I am determined to improve my painting work, my cut out collages have been a successful element of my project throughout and I cannot believe I haven’t thought about painting them before. They work, they are attractive and challenge the image of the land. Painting from something that is successful will hopefully make my work more successful and translate what is working in the collage into the paintings. Displaying these kind of paintings and a selection of collages for the degree show is definitely something I am considering now. I am also now thinking that painting large for the degree show is not a good idea. Why change how I work now? to impress? If scaling up means that my work is suffering, I need to tackle something more manageable.
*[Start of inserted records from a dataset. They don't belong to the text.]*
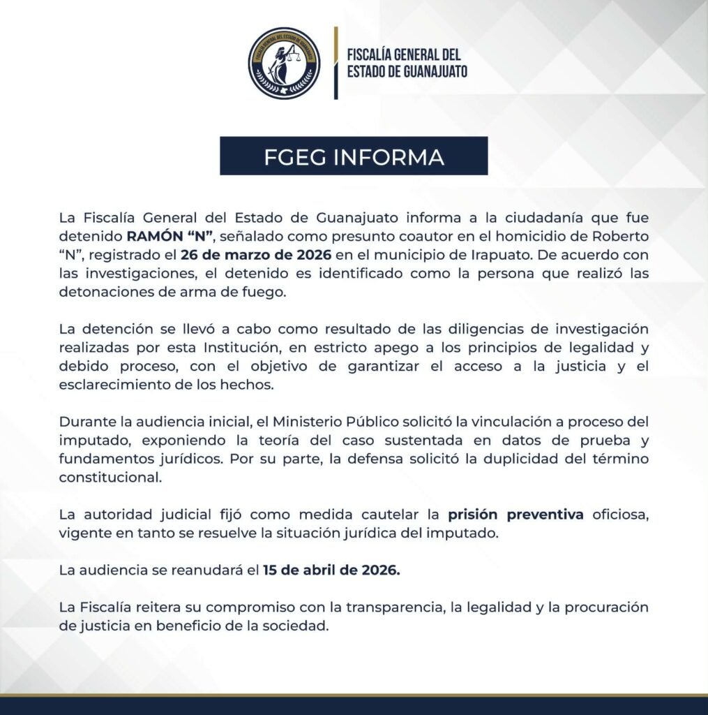 La Fiscalía General de Guanajuato informó que fue detenido Ramón ‘N’ como presunto coautor intelectual del homicidio del director de Japami e Irapuato, Roberto ‘N’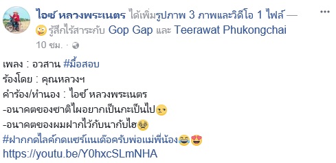 วันที่ 28 กันยายน 2560 ผู้ใช้เฟซบุ๊ก ไอซ์ หลวงพระเนตร ทำเอาโซเชียลต้องแชร์และแสดงความคิดเห็นกันเป็นจำนวนมาก เพราะว่าเขาแต่งเพลงที่โดนใจวัยรุ่นแบบตรง ๆ อย่างเพลง อวสาน มื้อสอบ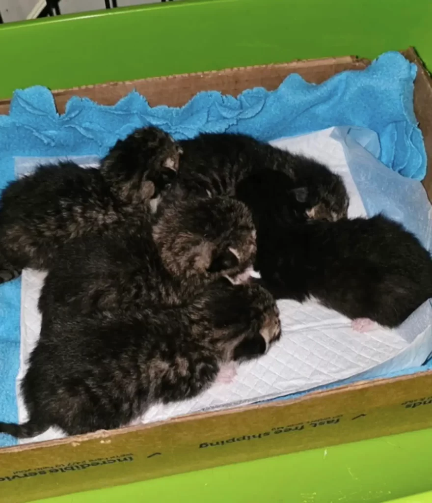 He called his close friend, Deb Oliver, an experienced foster who had raised countless bottle-fed kittens before. Within the hour, the babies were settled safely at Deb’s home, wrapped in blankets and fed warm formula from tiny bottles.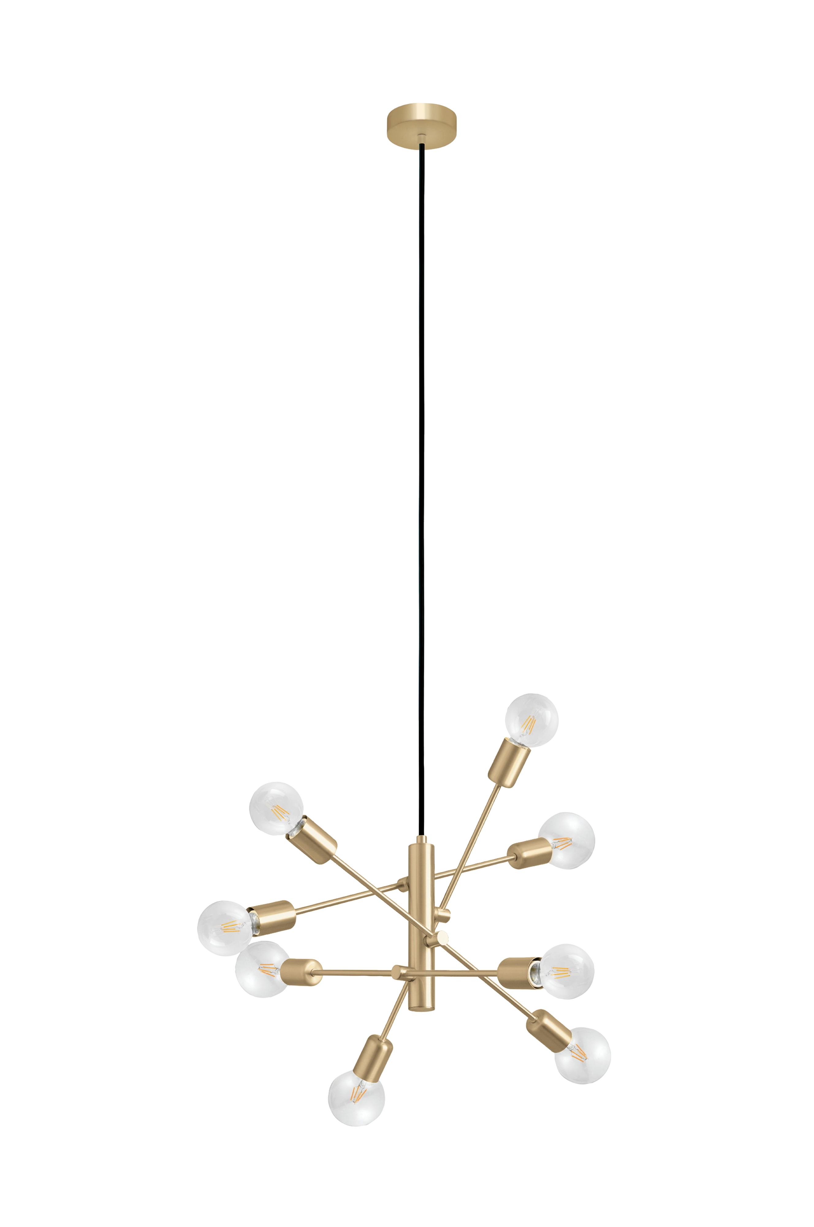 gradoli 1 -riippuvalaisimessa on teräsrakenne, jossa on harjattua messinkiä. Offset-linjaiset varret ovat säädettävissä, jotta voit luoda yksilöllisen valaisimen, joka täydentää tyyliäsi. Riippuvalaisimessa on tähtimäinen muotoilu, kahdeksan näkyvää lampun pistorasiaa ja musta tekstiilikaapeli, ja se sopii tyylikkäisiin ja futuristisiin sisätiloihin. Riippuvalaisin sulautuu saumattomasti moderniin sisustukseen ja luo keskipisteen mihin tahansa tilaan, olipa kyseessä sitten olohuone tai ruokapöydän yläpuolella oleva valaisin. Tuote vaatii 8 x e27-lamppua, jotka eivät sisälly toimitukseen.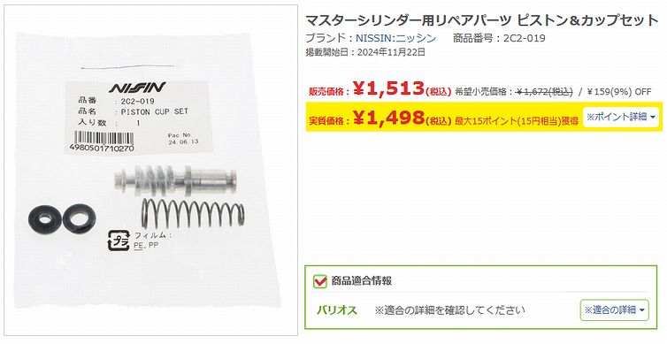 どうやら滅多に劣化しない部品のようだけど個人売買で手に入れたマスターやバイクはチェック。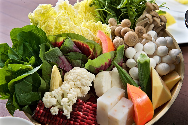 〈火鍋湯底:干貝雞肉(葷)/香茅蔬菜(素) 二選一 + 主食:Gaea 健康雞一份 + 菜盤一份(含大白菜+有機龍鬚菜+南瓜+有機甜玉米+栗子地瓜+番茄+鴻喜菇+美白菇) + 五行刀削麵一份 + 香草雞蛋二顆 + 甜點二份〉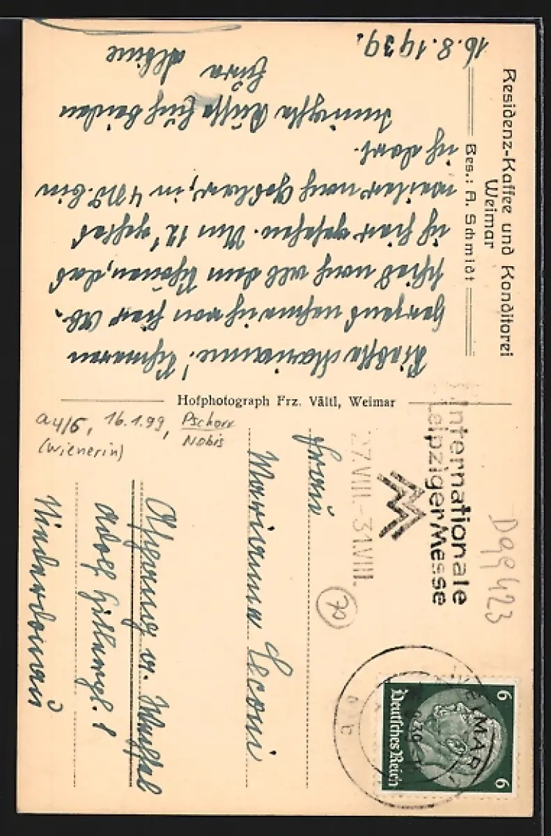 AK Weimar / Thüringen, Cafe und Konditorei Goethezimmer, Inh. A. Schmidt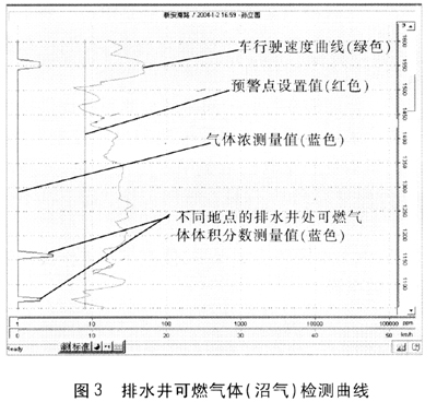 采用車載FID檢測(cè)系統(tǒng)對(duì)排水井可燃?xì)怏w(沼氣)檢測(cè)曲線見圖3。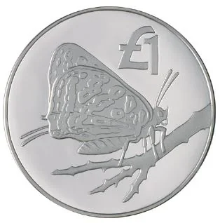 A £1 coin featuring the Cyprus Butterfly on a branch.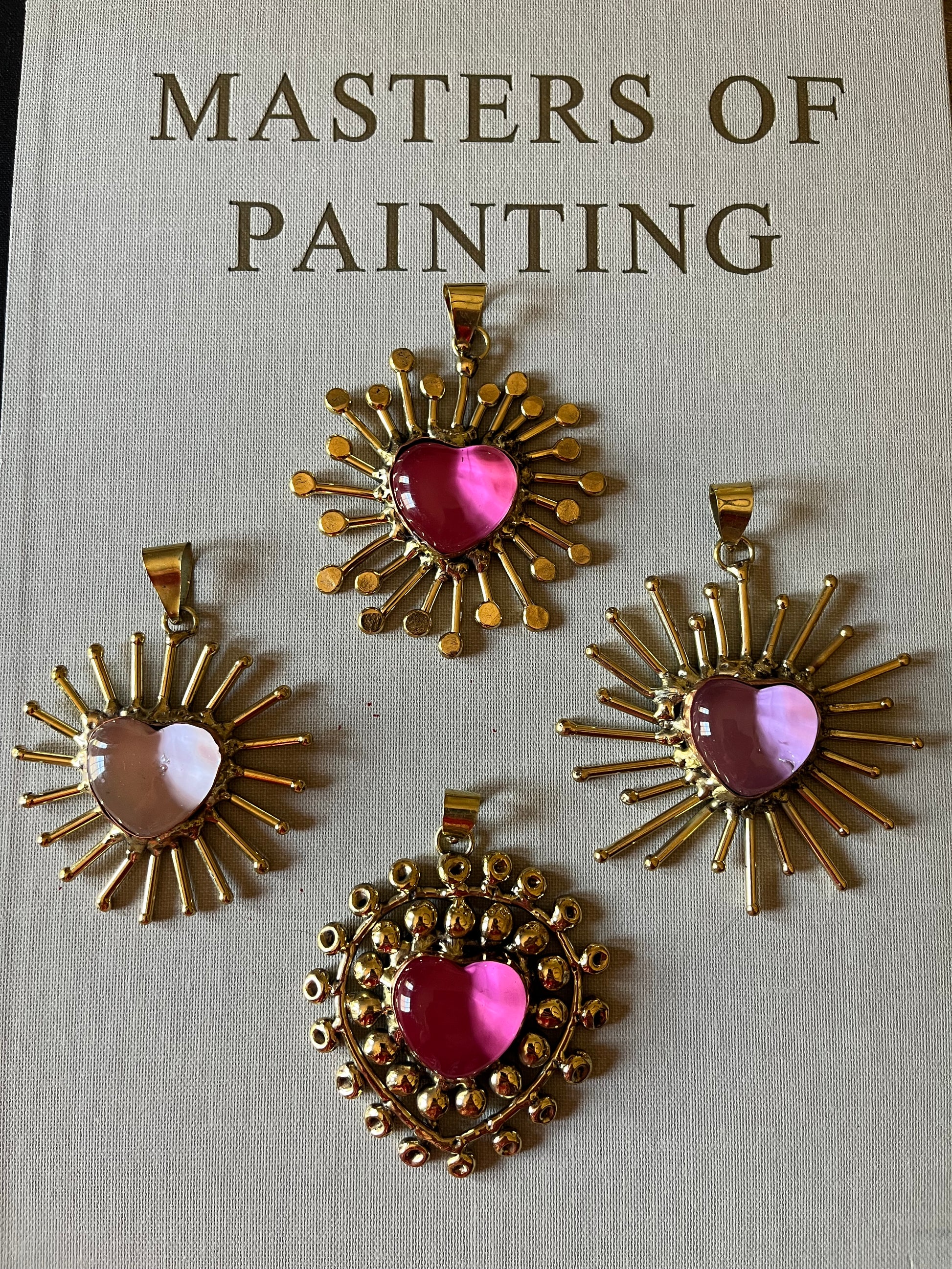 Sun Burst Sacred Heart Handmade pendent necklace – Glass & Alpaca from San Miguel de Allende

Cutting out imagery of Environmental Harm Collaging it into Landscapes of Natural Beauty

After collaging scenes of environmental harm onto natural landscapes, I decided to experiment further and cut out the imagery and collage it into the landscape, as if the landscape had been subject to environmental harm or the factories and waste pipes existing within these untouched natural scenes.

These experiments are interesting and putting imagery associated with environmental harm into the natural land is successful. However, the images included in most cases are not on a believable scale as if fitted into the landscape, it is difficult to do so with collage. Creating paintings where the natural elements and the harming imagery exist together and are juxtaposed and contrasted with each other may be more successful. I will explore experimenting with collaging natural elements like trees and grass fields with environmental neglect and building up my own image.

Robert Bateman: Contrasts

Robert Bateman created paintings that contrast the natural land, environment and wildlife with land that has been harmed. The examples below show a forest contrasted with imagery of deforestation and wildlife with litter and oil that could harm the animals etc. This fits in with my ideas surrounding contrasting the natural land with environmental harm, although this work almost has a before and after theme to it.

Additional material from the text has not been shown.